Craft beer has become a surging trend in Dublin as it has everywhere else around the world. One of the best places to slake your thirst and sample some of the best brews is The Headline in Lower Clanbrassil St. There’s a huge range of Irish beers and a top notch gin bar. The friendly staff will guide you through the bottled and rotating tap options.
Another global phenomenon that has caught on with vigour in Dublin is craft cocktails, which is a bit of a relief for anyone who can only drink so much beer, stout and whiskey. There’s also a strong push to showcase the potential of Irish spirits as mixers. In early 2018, the Teeling Distillery opened a second bar called the Finishing Room specialising in contemporary cocktails with the Irish touch.

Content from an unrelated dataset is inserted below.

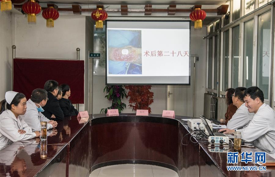 12月21日,北京宣武中医医院专家和阜平县中医医院大夫在交流。 新华社发(刘玉和 摄)

The Chelsea Drugstore, a trendy cocktail bar based in an old pharmacy in Great George’s St South, is packed on weekends as the bartenders demonstrate their skills in shaking and chatting about their inventive mixed drinks. It’s also first come, first served at the Sidecar Bar in the Westbury Hotel, with its 1930s ambience and Donegal tweed throws. Other cocktail bars to pull up a stool at include: The Liquor Rooms, The Blind Pig and the Peruke and Periwig. But if you’re on a driving tour through Ireland, head for Cask in Cork City, the winner of the Best Overall Cocktail Bar 2018 award from the Irish Craft Cocktail Association.